October 3, 2011

Dressage Reining? Yes we can!

This past weekend was my team's first IHSA show of the season, and I was really pleased with the caliber of our riders, especially given the complete lack of recognition and funding from the University.  I have got to work on changing that around. But I digress, the kids did very well and it was fun to watch the western portion. When I rode IHSA on the East Coast we only had a Hunt Seat team. I found it interesting that the western horsemanship position is very similar to dressage. Aside from that, rail classes are rail classes and there isn't much difference between the hunt seat rail classes and the western, except for the blingy western outfits. Now the reining class, that was interesting to watch. I wanted desperately to hop on one of those horses and do a big fast, small little, quarter line canter and sliding stop. Ah, but I was coaching not competing. Maybe I'll throw my hat in and do it Alumni reining next year.
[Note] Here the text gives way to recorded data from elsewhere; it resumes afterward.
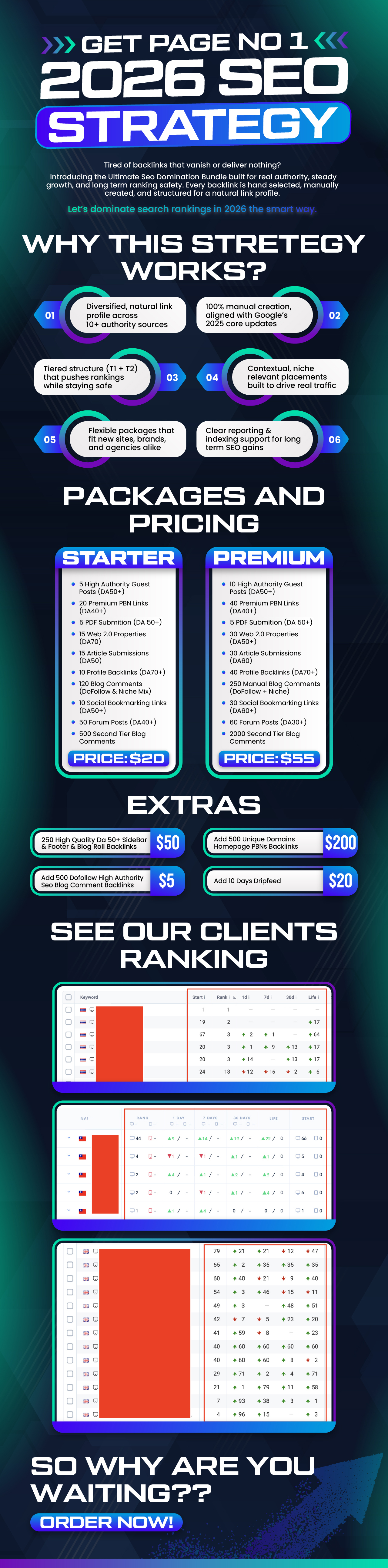 6. Can I customize my order with "Extras"? Yes! You can choose either the Starter ($30) or Premium ($85) package and add any of our "Extras" (like the 500 Unique Domain Homepage PBNs) to create a custom strategy that fits your budget and goals.
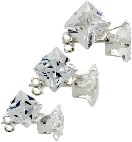 3 Pair Set Sterling Silver Cubic Zirconia Square Earrings Studs 6 7 and 8mm Princess cut
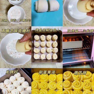 3、准备一个小碗,把少许芝麻、糖和面粉混合在碗里,然后准备一碗清水。在烤盘底部刷黄油备用。将面胚切成两半,拿起一半,先用切面沾水,再蘸芝麻面糖粉,然后放入烤盘中,切面向下。把它们都做好,放在烤箱里,第二次发酵。 1.5 倍大。发醇后,表面刷上蛋黄液,撒上芝麻。
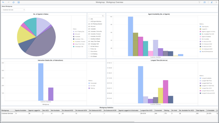 CX Insights displays interactive dashboards that you can use to explore agent data and the current state of your contact center. Visual representations, called visualizations, present the data in the dashboard, for your interpretation. Depending on the dashboard you are viewing, different visualizations are available to analyze your data.
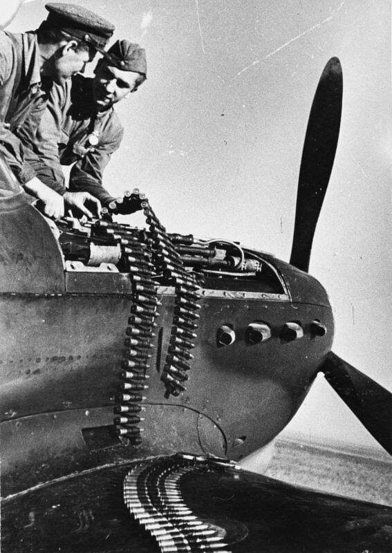 Советские оружейники заряжают 12,7-мм пулеметы УБС истребителя Як-7Б. На пределе🔥
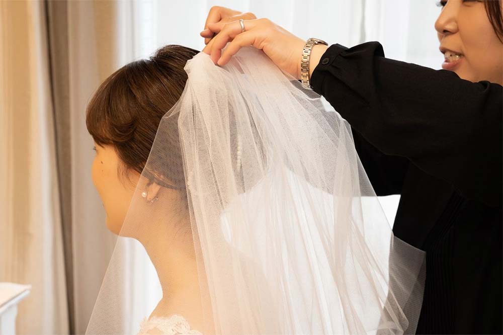 衣装選びでは、何着も試着した上、友人にもアドバイスをもらいながら自分に一番合うものを選びました。ドレスの雰囲気に合うよう、普段とは違ったヘアスタイルにしてもらい、メイクも大人っぽくまとめています。
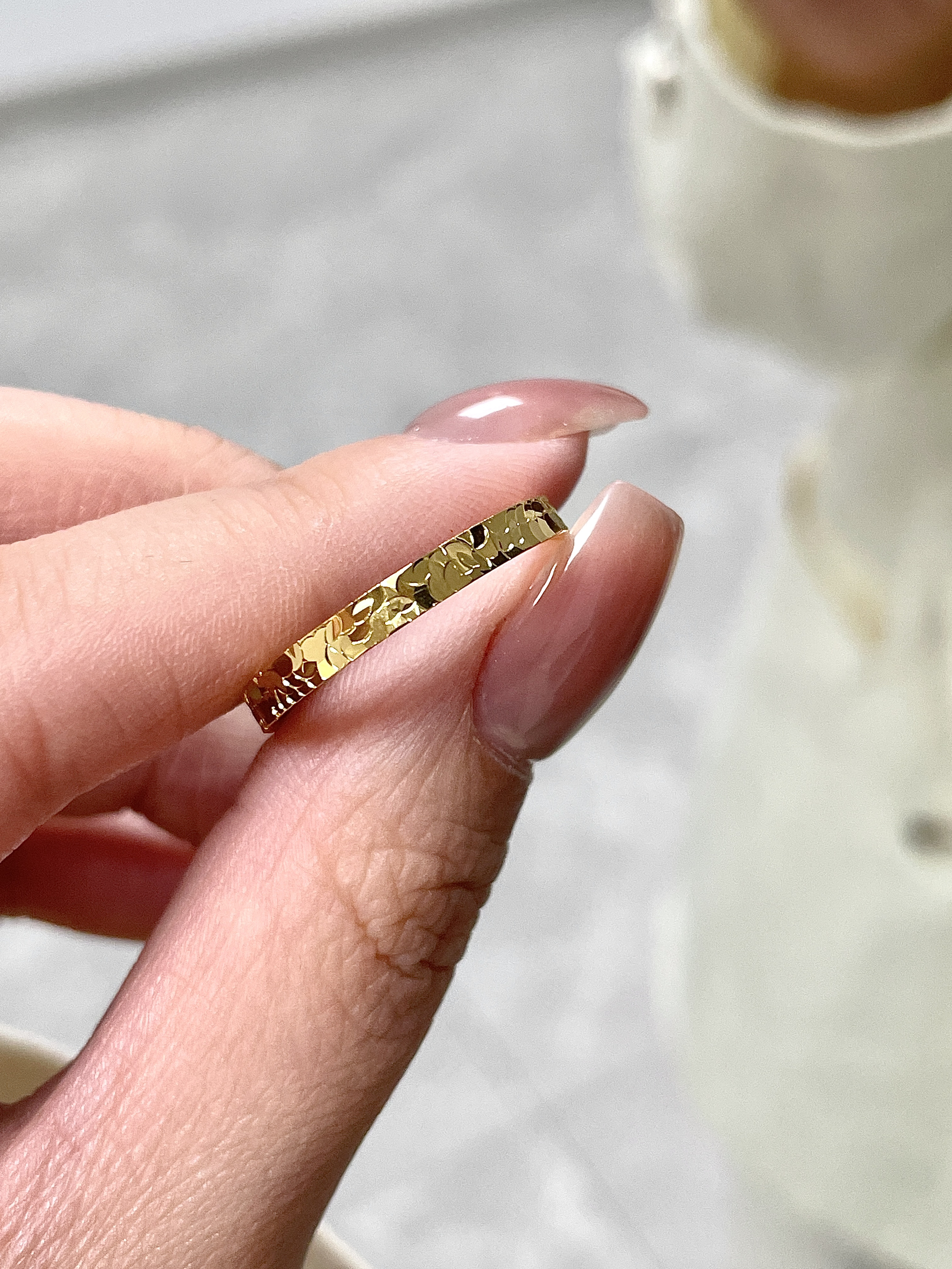 普通女孩的囤金日记之碎碎金戒指 我觉得实物真的好漂亮呀 碎碎闪闪的 贵气十足 戴在手上那一刻幸福感是无法言说的 希望自己能碎碎平安 金运连连 我想没有女孩能拒绝金子的疑惑吧

As I was inspired by the reining at the show, I thought to myself "I can do that, Rose can do that, and I'm pretty sure my dressage saddle can do that". So, today I gave it a go. After a nice warm up working on our balance and transitions I decided to mix things up for Rose and do some simple reining patterns. After all, she already knows figure eights and simple changes. The big change was going from halt to canter, and of course those turn on the haunches. Guess what though? She loved it. I let her stretch long and low and canter her little bum off. She had no problem going from halt to canter and nailed all the transitions. Our sliding stop was definitely more of a trot to halt dressage transition, and our turn on the haunches is rusty, but we got them anyway. It was such fun! I can only imagine how exhilarating it would be to do on an actual reining horse.

Happy trails and swooshing tails!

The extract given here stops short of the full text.